After facing a challenging period, Upstart Holdings Inc. seems to be regaining momentum, and Wall Street is paying close attention. The artificial intelligence (AI)-driven lending company, which experienced a major surge in popularity in late 2021, saw its stock hit highs of around $390, fueled by strong demand for its personal loan offerings. However, the stock later plummeted as high interest rates and funding difficulties led to reduced loan volumes.
Currently, Upstart’s stock remains well below its peak, closing at $55.47 on Thursday. A 17% surge in Friday’s premarket trading indicated a price of $65.27, underscoring how far the stock is from its earlier highs. Despite this gap, investor and analyst sentiment has recently turned more positive.

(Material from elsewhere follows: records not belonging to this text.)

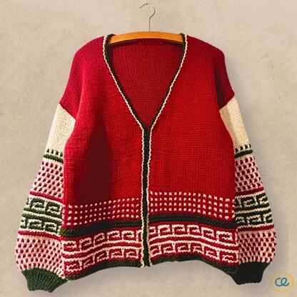Get in the festive spirit with this Christmas cardigan knitting pattern! It is inspired by nordic festive patterns in a contemporary style, creating this fun and stylish design!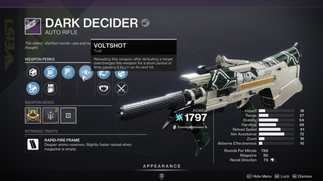 For PvP you’ll need to pack an Arc weapon with the Voltshot perk. This perk makes it so that reloading a weapon after defeating a target will cause it to jolt the next target it hits. And doing this will let you become Amplified. So you’ll get yet another method to score the movement speed buff. There are about 14 weapons in Destiny 2 that can come with Voltshot, but among the best are the IKELOS_SMG_v.1.0.3, the Dark Decider, and the Prodigal Return.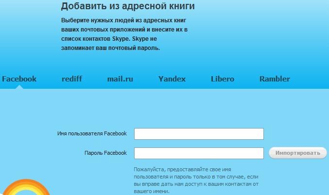 Використовуйте можливість імпортувати контакти в Skype з Facebook, з адресної пошти mail.ru, Yandex.ru та ін.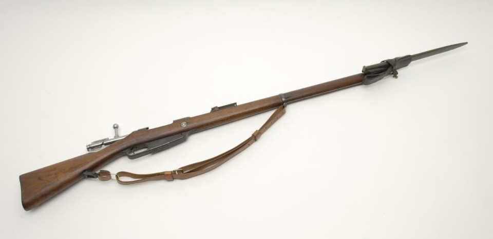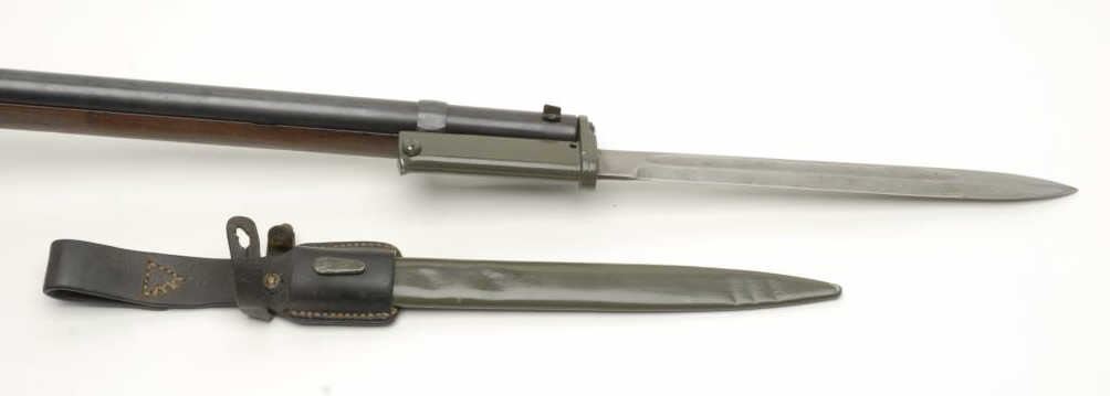 German Model 88 bolt action rifle, marked Danzig and dated 1890, 8mm caliber, 30” barrel, S/N 223 in overall good condition showing an old re-blue, good action and markings, very good bore, good wood stock with bayonet, metal sheath and leatherhanger. (Antique). Est.: $200-$400.

“After a significant shift in sentiment during the second quarter, the outlook continues to improve in the third quarter,” wrote Mizuho analyst Dan Dolev following Upstart’s earnings release on Thursday afternoon. According to Dolev, the report highlighted multiple favorable factors. Upstart achieved a sequential increase in loan volumes of 43% and provided optimistic guidance for the next quarter.
Dolev noted that this positive outlook aligns with an encouraging view of Upstart's AI models and the prospect of a more stable interest rate environment, as well as potential support from a Trump administration that may favor business. He also found Upstart’s comments on the economic environment particularly noteworthy.

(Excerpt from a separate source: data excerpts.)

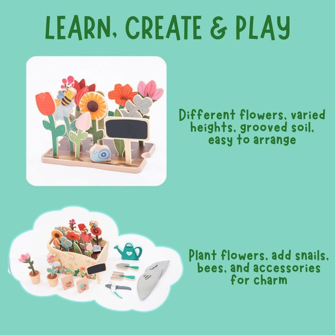 Each flower in the garden toy playset has a more realistic appearance. The soil board has precisely designed slots for simple planting and arranging, so any combination will look excellent.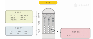在生长板上发挥驱动作用的内分泌信号包括胰岛素、GH-IGF-1轴、四碘甲状腺原氨酸(T4)和三碘甲状腺原氨酸(T3)轴、雄激素、雌激素、维生素D、糖皮质激素等,可能还有瘦素,构成一个极其复杂的系统。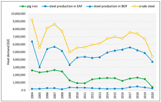 Total heat demand in all of the metallurgical processes in Poland from 2004 to 2020. Source: Own elaboration. Heat intensity for the category: crude steel is the sum of heat intensity for production of pig iron with BOF and EAF.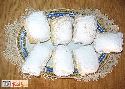Pečemo pri 180 stopinjah do zlato - rumene barve. Ohlajene štrukeljčke potresemo s sladkorjem v prahu.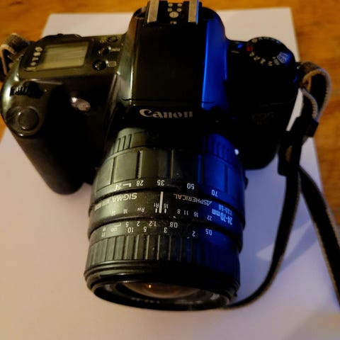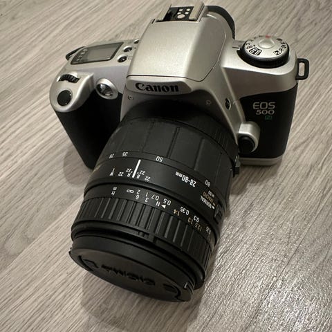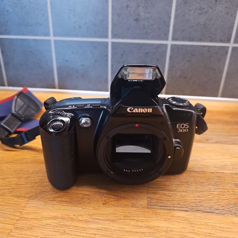 Kamera er ett analogt Canon EOS 500n. Se bilder.Følger med 2 linser samt egen veske. Bud mottas.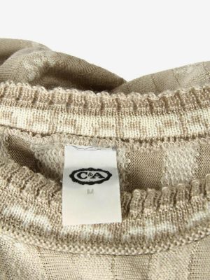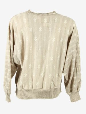 Long Sleeve Jumper Vintage Crew Neck Pullover Striped 90s Grey M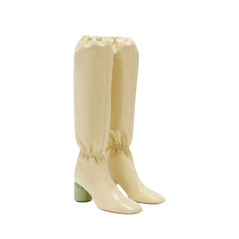 Women Knee Tall Boots Round Heel Banquet Winter Tall Boots High Heels Size 43 Women Shoes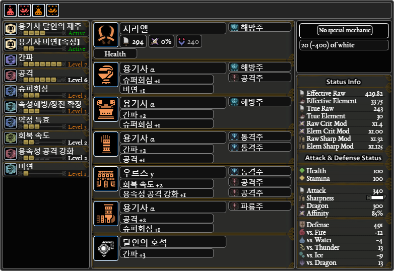 극 베히모스 쌍검 위키룰 1위에 등재된 분의 커스텀입니다. 무기 커강은 회복1은 맞는 것 같고, 나머지 하나는 회심이겠죠 설마 또 회복을 하진 않았을테니;

“It was interesting to hear management mention that ‘Americans entered 2024 with an increase in disposable income, offering some support for sustained spending levels and providing some relief through higher savings rates,’” Dolev wrote. “This outcome exceeded our expectations.” In light of these insights, Dolev raised his target price for Upstart’s stock from $48 to $90 while maintaining an “outperform” rating.
Adding to the optimism, Piper Sandler’s Arvind Ramnani upgraded his rating on Upstart’s stock to “overweight” from “neutral.” Ramnani highlighted that the company is benefiting from a more favorable interest-rate environment, improving lending conditions, and enhancements to its lending model. He added, “Notably, the third-quarter performance was driven by improvements to Upstart’s lending model, along with support from the lower interest rates.” Ramnani is particularly encouraged by Upstart’s financing dynamics, which now include a collaboration with Blue Owl. “Upstart currently has more than half of its loan funding from committed capital, which we believe adds stability to its business model,” he explained, raising his target price from $31 to $85.

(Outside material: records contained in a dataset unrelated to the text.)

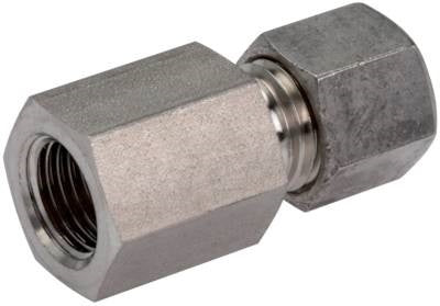 Este racor recto de acero inoxidable está diseñado con rosca hembra y un punto de conexión con anillo de compresión. La conexión 1 tiene rosca hembra G 1/8 pulgadas. La conexión 2 es un anillo de compresión de 6 mm. Adecuado para temperaturas de -60 °C a 400 °C (-76 °F a 752 °F). Presión máxima de 630 bar (9138 psi). Clasificado para una clase de carga S (pesada). Se fabrica de acuerdo con la norma DIN EN ISO 8434-1 (DIN 2353).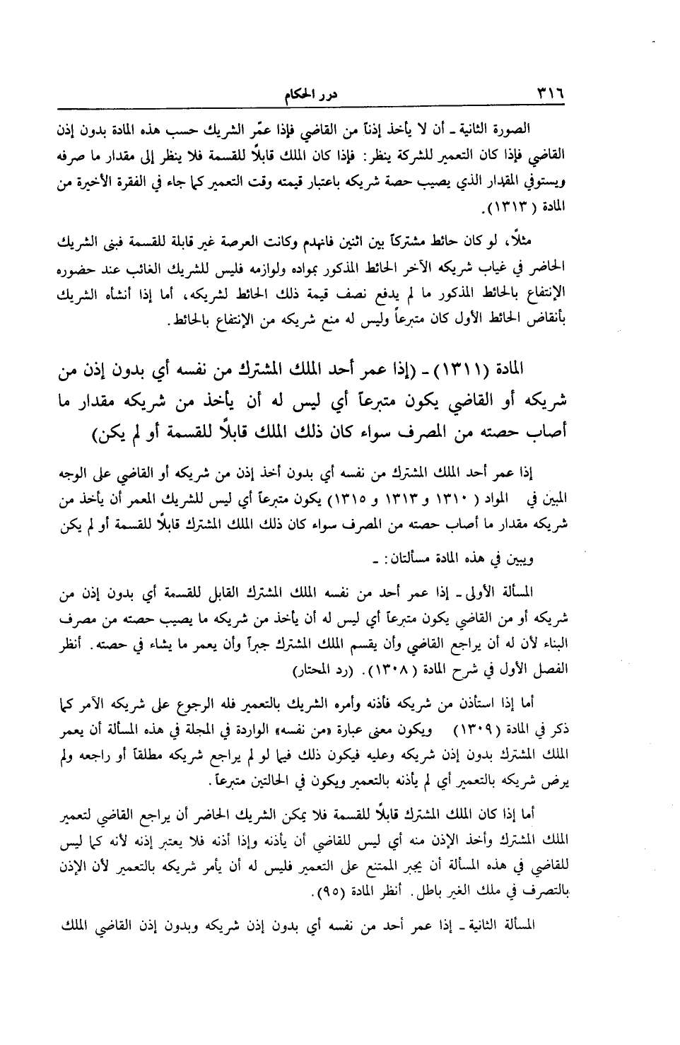الْمَادَّةُ (1311) - (إذَا عَمَّرَ أَحَدٌ الْمِلْكَ الْمُشْتَرَكَ مِنْ نَفْسِهِ أَيْ بِدُونِ إذْنٍ مِنْ شَرِيكِهِ أَوْ الْقَاضِي يَكُونُ مُتَبَرِّعًا أَيْ لَيْسَ لَهُ أَنْ يَأْخُذَ مِنْ شَرِيكِهِ مِقْدَارَ مَا أَصَابَ حِصَّتَهُ مِنْ الْمُصْرَفِ سَوَاءٌ كَانَ ذَلِكَ الْمِلْكُ قَابِلًا لِلْقِسْمَةِ أَوْ لَمْ يَكُنْ) إذَا عَمَّرَ أَحَدٌ الْمِلْكَ الْمُشْتَرَكَ مِنْ نَفْسِهِ أَيْ بِدُونِ أَخْذِ إذْنٍ مِنْ شَرِيكِهِ أَوْ الْقَاضِي عَلَى الْوَجْهِ الْمُبَيَّنِ فِي الْمَوَادِّ (1310 وَ 1313 وَ 1315) يَكُونُ مُتَبَرِّعًا أَيْ لَيْسَ لِلشَّرِيكِ الْمُعَمِّرِ أَنْ يَأْخُذَ مِنْ شَرِيكِهِ مِقْدَارَ مَا أَصَابَ حِصَّتَهُ مِنْ الْمُصْرَفِ سَوَاءٌ كَانَ ذَلِكَ الْمِلْكُ الْمُشْتَرَكُ قَابِلًا لِلْقِسْمَةِ أَوْ لَمْ يَكُنْ وَيُبَيَّنُ فِي هَذِهِ الْمَادَّةِ مَسْأَلَتَانِ: -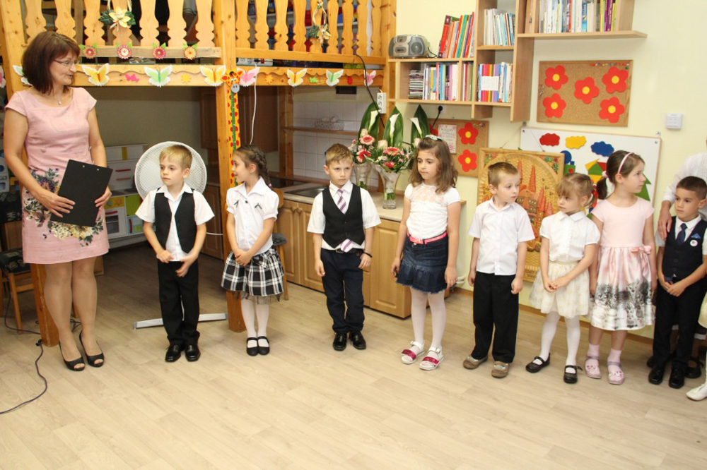 A délelőtt a gyerekek csoportjainkban játékos feladatokkal szórakoztatták az óvónőket és dajkákat, akiktől cserébe ajándék kitűzőt kaptak, valamint egy színes születésnapi tortát is.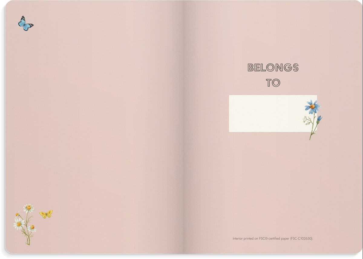 Pink Meadow omslaget i lent konstläder hålls tidsenlig genom en vacker utsmyckning av blommor och färggranna fjärilar. Med en vintage rosa bakgrund skapas ett omslag som blir både tidsenligt och personligt.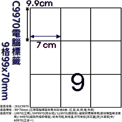 Herwood 鶴屋牌 9格 99x70mm NO.C9970 A4雷射噴墨影印...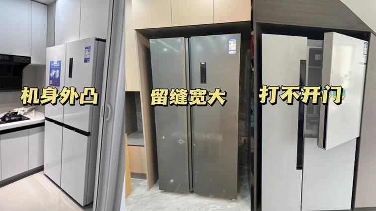 - 在計劃買嵌入式冰箱前,我特地上網搜了別人家嵌入式冰箱的使用情況。結果看到了許多安裝翻車案例:有嵌入不進去前側突出的,有放進入卻兩側縫隙寬大的,還有嵌入后打不開冰箱門的,花樣翻車。

Similarly, Needham analyst Kyle Peterson observed that Upstart’s position seems to be improving as interest rates decline and credit quality remains stable. Nonetheless, Peterson expressed caution about the stock’s immediate prospects. “After the approximately 20% surge in after-hours trading, we’re taking a wait-and-see approach and looking for a more favorable entry point,” he said, assigning a “hold” rating to the stock.
Upstart’s recent resurgence is notable given the market's volatile reaction to rising interest rates over the past couple of years. As an AI-based lending platform, Upstart aims to revolutionize the credit approval process by using machine learning to assess potential borrowers. Although it initially attracted significant investor attention, the company faced a rough patch when funding partners scaled back their involvement amid higher rates, causing a slowdown in lending volume.
Recent changes in the market landscape have allowed Upstart to recover, driven by improvements in its AI models, which have shown promising results in underwriting accuracy. The company’s latest quarterly performance appears to reflect these advancements, along with some relief in the broader interest-rate environment. These developments have revived interest in Upstart’s stock among investors, with several analysts revising their expectations upwards in light of its improved fundamentals.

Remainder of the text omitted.